A projection method employing finite elements and a parameterized expectations algorithm is proposed for the global approximation of the equilibrium of a cash-in-advance model economy. The algorithm is shown to be accurate and efficient approximating highly nonlinear regions of the policy functions, specifically along the space of state variables where the slackness multiplier of the cash-in-advance constraint alternates between zero and strictly positive values. This favorable trait allows for a rigorous analysis on the variability of velocity of money.
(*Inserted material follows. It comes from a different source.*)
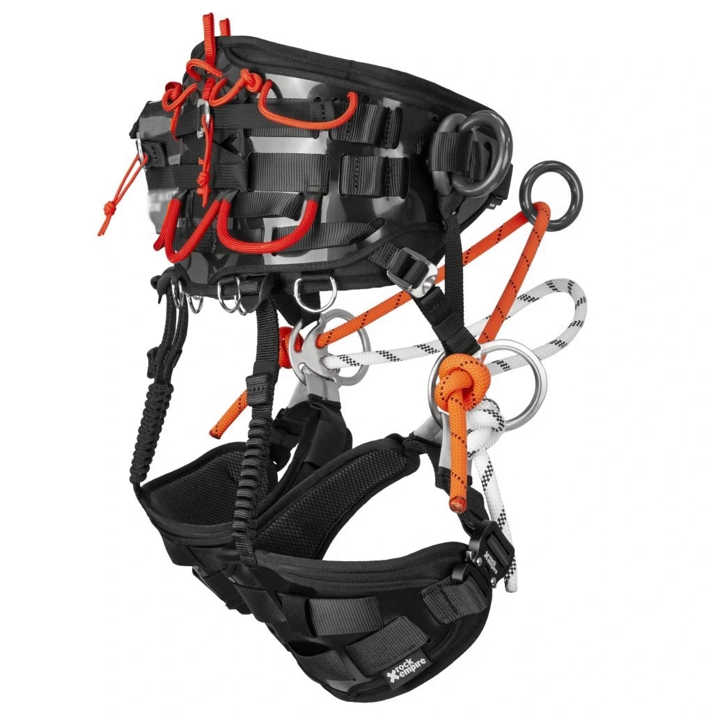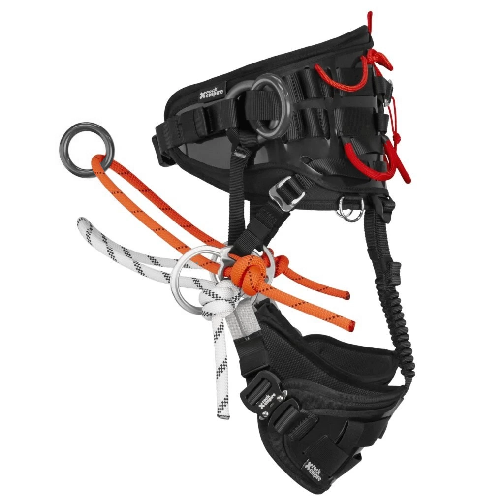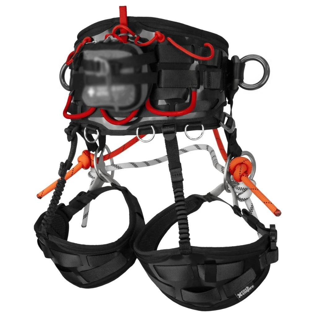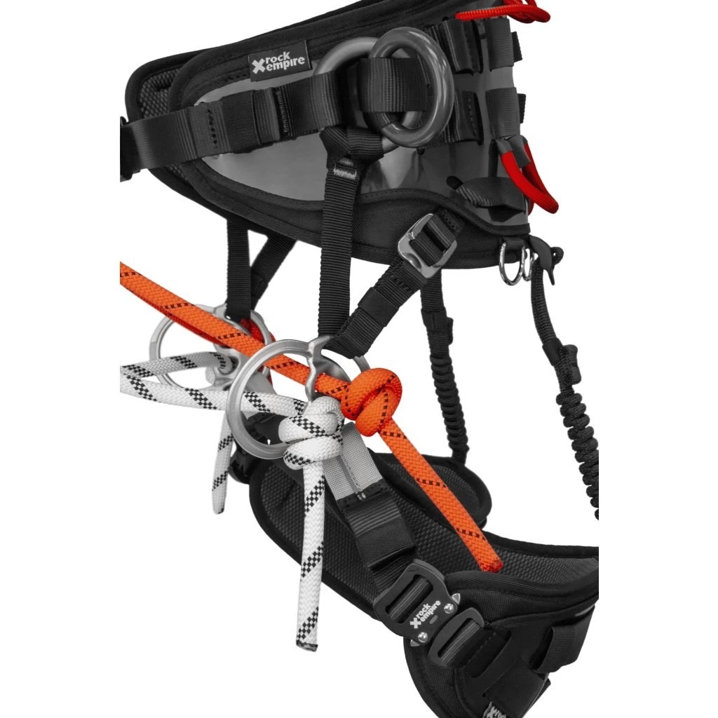 Los cinturones de las piernas están conectados al cinturón en la parte trasera con una correa elástica ajustable, hecha de un material robusto y muy duradero. La ergonomía del arnés se puede ajustar aún más mediante correas ajustables (ancho 20 mm), que se pueden utilizar para acercar las piernas al cinturón en los lados y así ajustar el ángulo óptimo entre las piernas y el cinturón para una suspensión cómoda. en la cuerda. Estas correas son reemplazables en caso de daño o desgaste. Los nuevos arneses para arbolistas SHERMAN y los populares Rock Empire SKILL TREE se fabrican en Europa con materiales de la más alta calidad para una máxima durabilidad.

Velocity volatility, measured by its coefficient of variation, arises in the model on a consumption smoothing purpose by the agent at instances where the variation of expected marginal utility of consumption is relatively high due to the realization of a sufficiently low serially correlated monetary shock. In a simulation of the stochastic economic environment responding to a Markovian series of monetary growth rates and no frictions present, the equilibrium approximated via the proposed numerical solution method explains 80.3% of the velocity variability recently observed in the data; a significant improvement over previous attempts found in the literature. Copyright Springer Science+Business Media, LLC. 2012

Suggested Citation

  • José Cao-Alvira, 2012. "Velocity Volatility Assessment of Monetary Shocks on Cash-in-Advance Economies," Computational Economics, Springer;Society for Computational Economics, vol. 40(3), pages 293-311, October.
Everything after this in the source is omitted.